▶ _How to complete this task_:
Pictures stay out of this copy; please retype only the lines from the start of the records through the line with "No primeiro momento, Thárcio".

▶ _Raw data_:
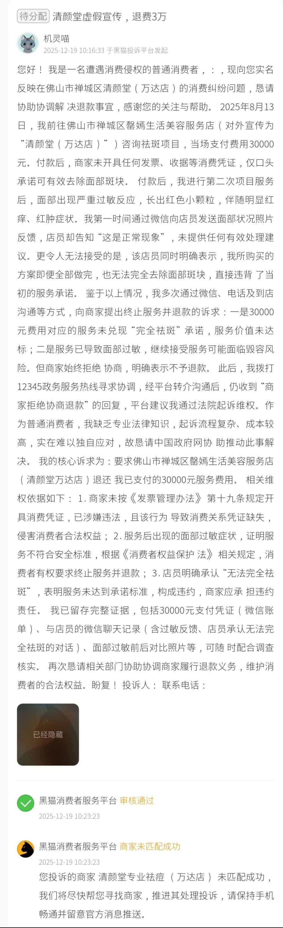 12月19日,黑猫投诉平台有消费者反馈称,其于8月13日前往佛山市禅城区馨妈生活美容服务店(对外宣传为清颜堂万达店)咨询祛斑项目而引发的一系列纠纷。
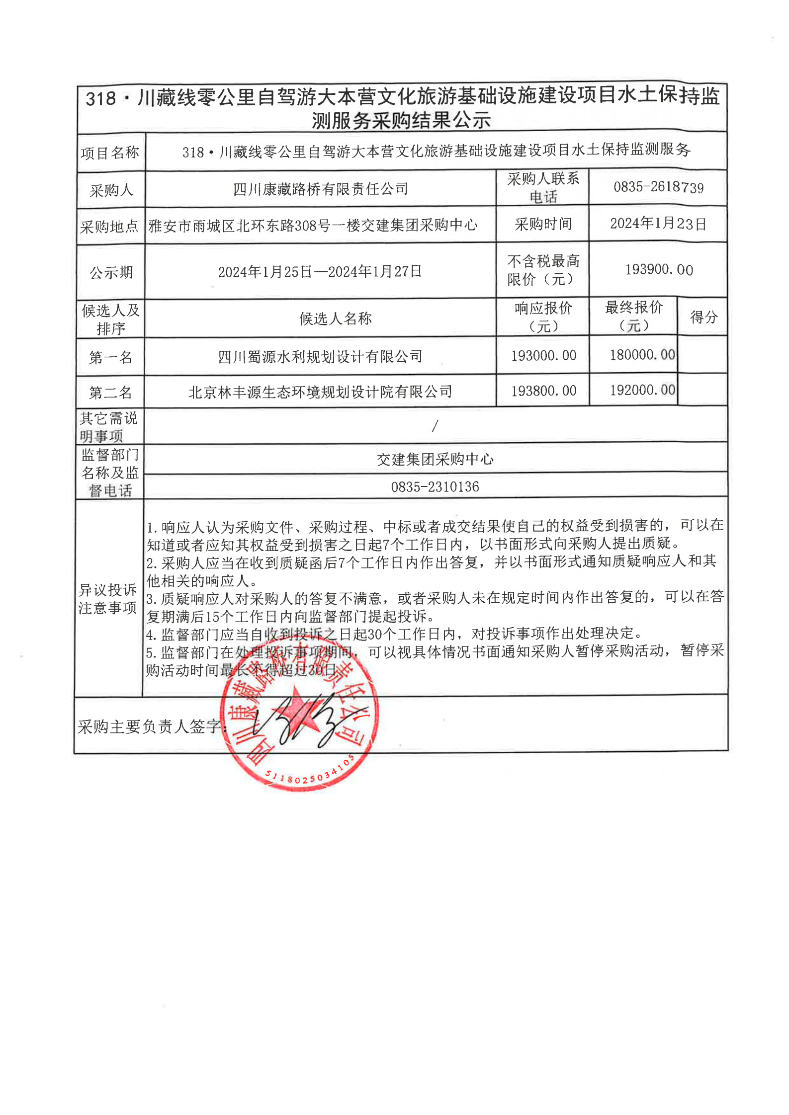 四川康藏路橋有限責(zé)任公司318·川藏線零公里自駕游大本營文化旅游基礎(chǔ)設(shè)施建設(shè)項(xiàng)目水土保持監(jiān)測服務(wù)采購結(jié)果公示
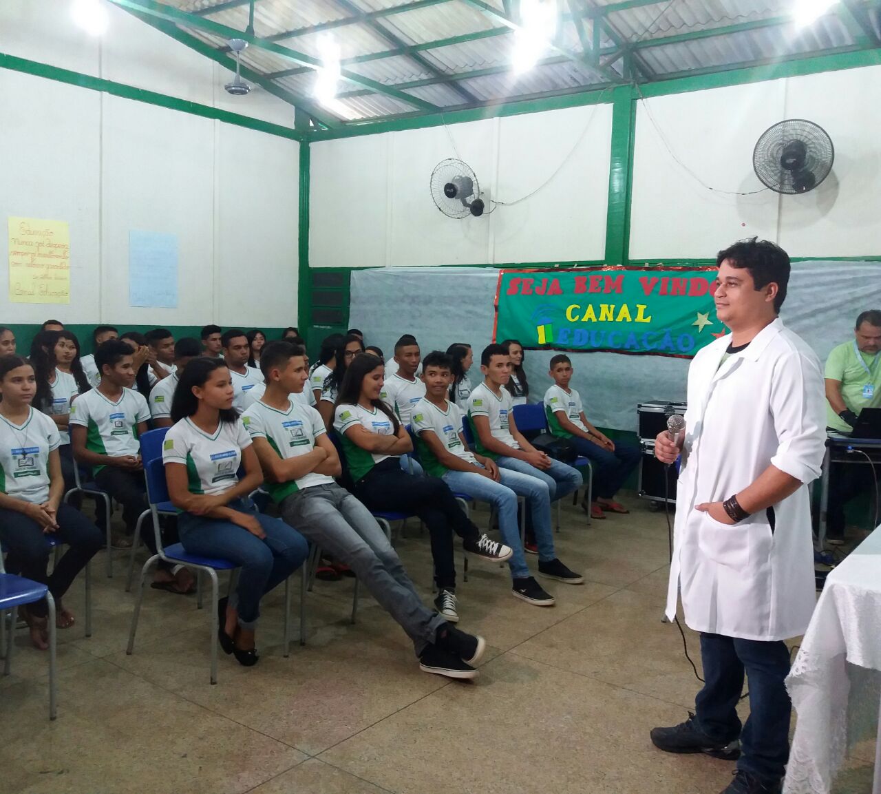 No primeiro momento, Thárcio visitou a escola, onde ministrou uma aula com o tema central "Divisão Celular".
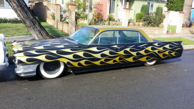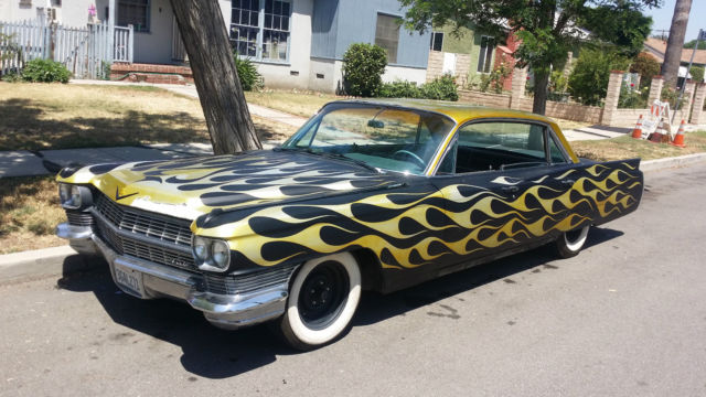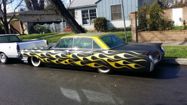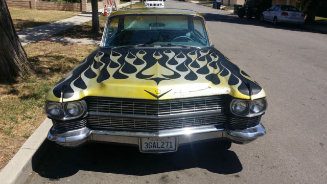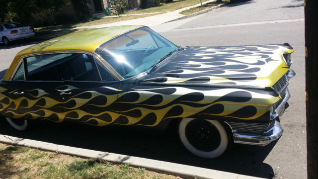 1964 sedan deville. No post. Overall a solid car, but for like anything 64. Some things need attention. Driver floor needs to be replaced. 65 bucks for piece on eBay. Hood has some rust and so does trunk lid. Paint needs work too. Depending on your preference in scheme. Some of the flake has a little curling around the windshield. Engines fires right up and has lots of power however it has blowby, so it smokes a little when driving, could be valve guide seals, could be rings. Has a rebuilt edelbrock 600cfm carb, and new mechanical fuel pump filter and lines 4 switch airbag, 1/2" line and 10 gallon tank in trunk. New compressor, but it could use 2 if you want a quicker pump White walls all In decent shape, safe to drive on. Has an electrical bug too, keeps popping brake, running lamp fuse. Haven't found out why, headlights work, all windows work New interior, clean title in hand Beautiful car that's an attention whore, wish I didn't have to sell. But trying to buy a house. Please feel free to contact me for more pics or more info, I'll be happy to send whatever
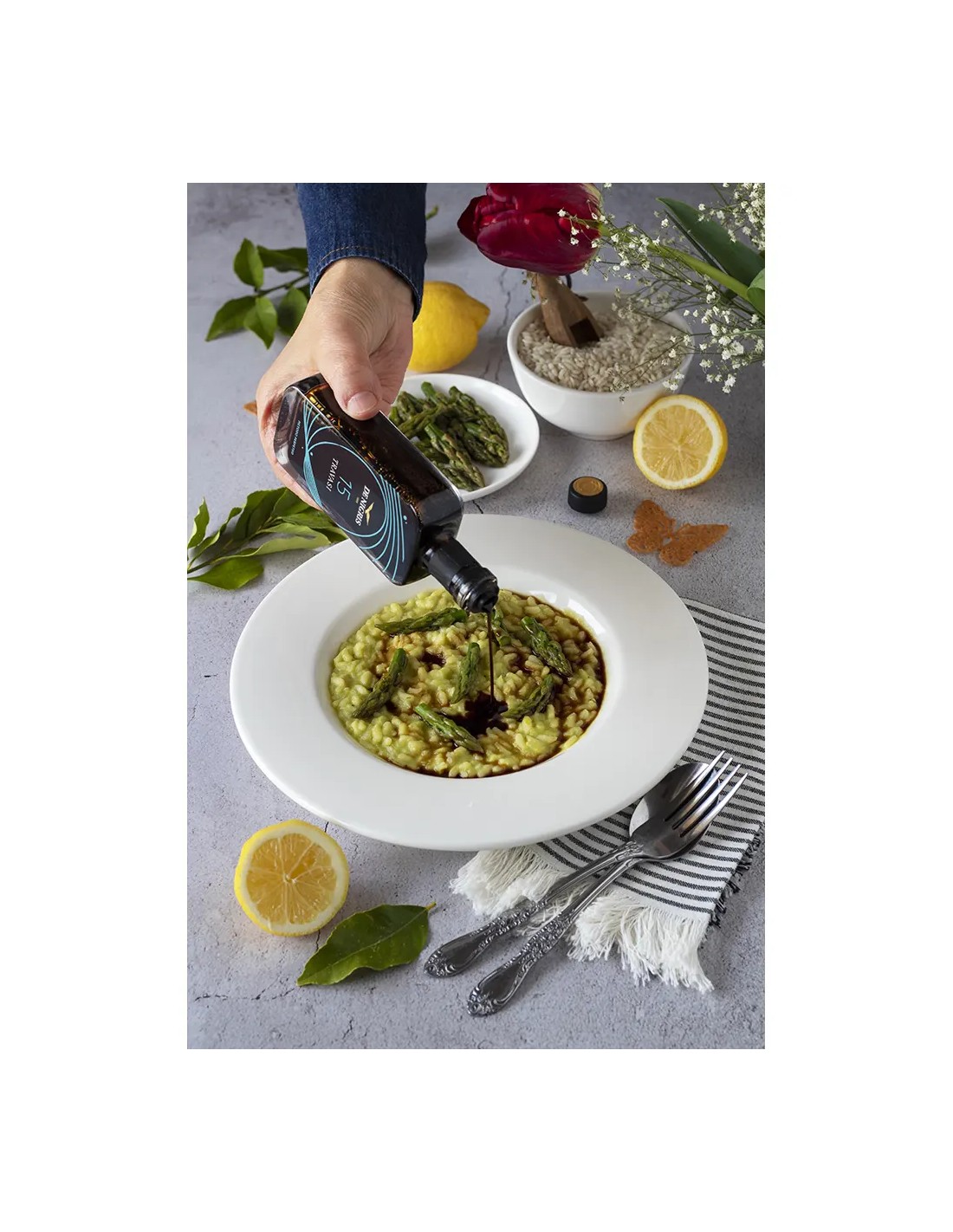 Versatile und raffiniert ist dieser Balsamico eine authentische Darstellung italienischer Handwerkskunst, konzipiert, um jedes Gericht mit Klasse und Harmonie zu verbessern.

▶ _Written response_:
 12月19日,黑猫投诉平台有消费者反馈称,其于8月13日前往佛山市禅城区馨妈生活美容服务店(对外宣传为清颜堂万达店)咨询祛斑项目而引发的一系列纠纷。
 四川康藏路橋有限責(zé)任公司318·川藏線零公里自駕游大本營文化旅游基礎(chǔ)設(shè)施建設(shè)項(xiàng)目水土保持監(jiān)測服務(wù)采購結(jié)果公示
 No primeiro momento, Thárcio visitou a escola, onde ministrou uma aula com o tema central "Divisão Celular".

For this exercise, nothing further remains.